Reference: http://bbs.csdn.net/topics/390812840

Contact Us

The content source of this page is from Internet, which doesn't represent Alibaba Cloud's opinion; products and services mentioned on that page don't have any relationship with Alibaba Cloud. If the content of the page makes you feel confusing, please write us an email, we will handle the problem within 5 days after receiving your email.

If you find any instances of plagiarism from the community, please send an email to: info-contact@alibabacloud.com and provide relevant evidence. A staff member will contact you within 5 working days.

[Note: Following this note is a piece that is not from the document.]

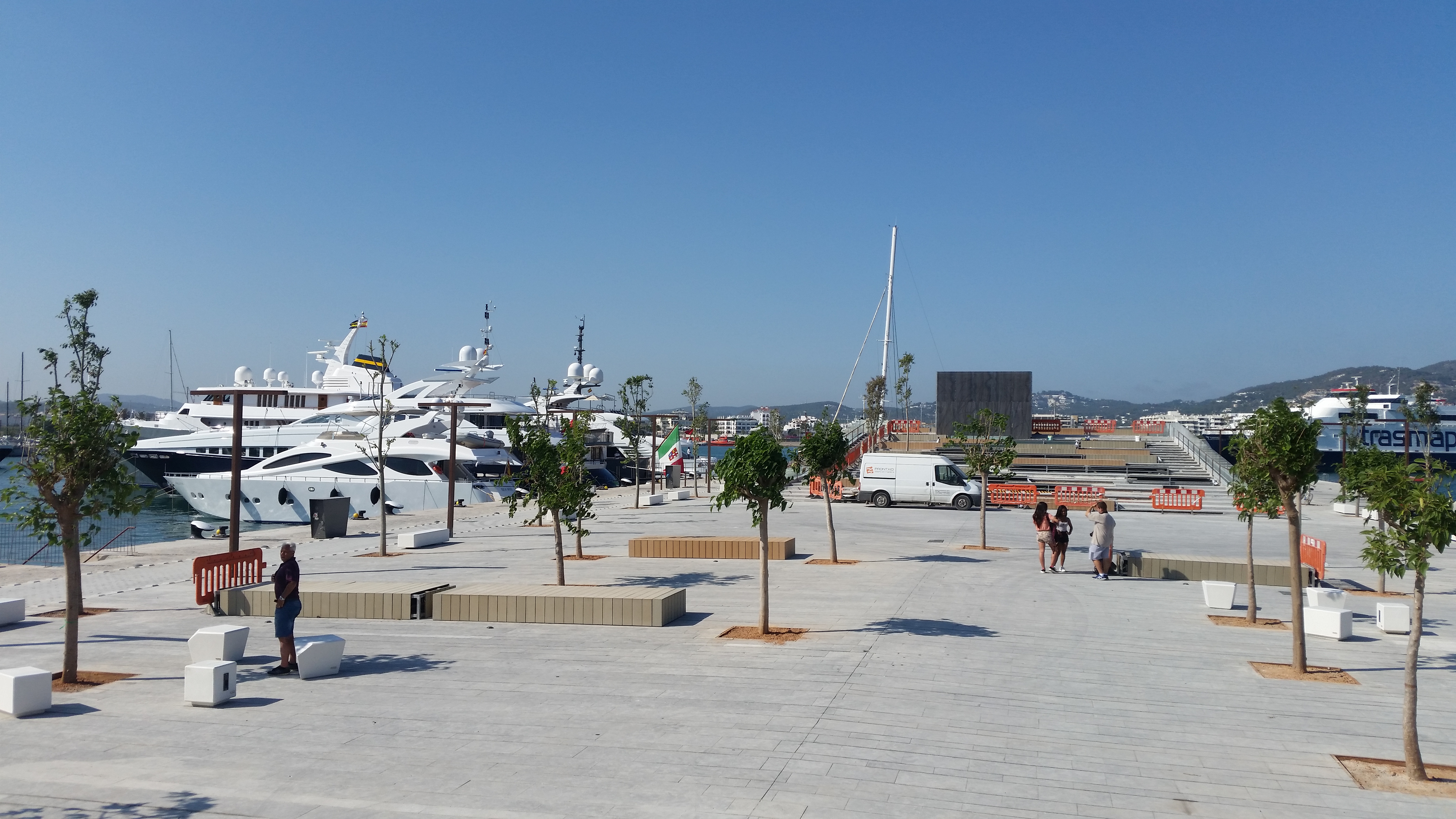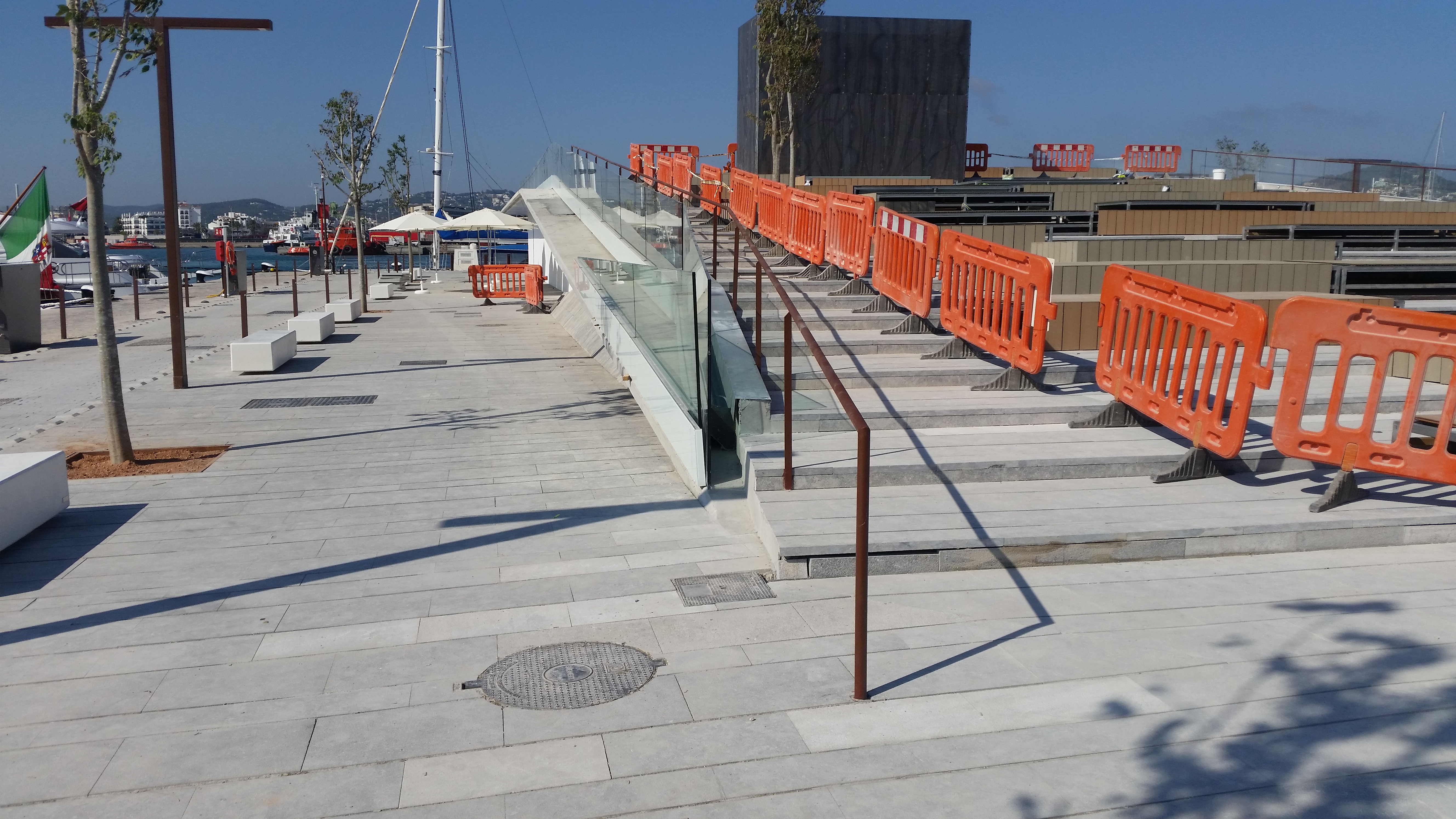 @Noudiari/La nueva plaza de Es Martell del puerto de Ibiza ya se puede visitar, y de hecho, algunos turistas aprovechaban este viernes por la tarde para pasear por la zona o sentarse en sus bancos a descansar. No ocurre lo mismo con el mirador, que tenía previsto abrirse este viernes, pero sigue cerrado con vallas, visiblemente inacabado.

A Free Trial That Lets You Build Big!

Start building with 50+ products and up to 12 months usage for Elastic Compute Service

  • Sales Support

    1 on 1 presale consultation

  • After-Sales Support

    24/7 Technical Support 6 Free Tickets per Quarter Faster Response

  • Alibaba Cloud offers highly flexible support services tailored to meet your exact needs.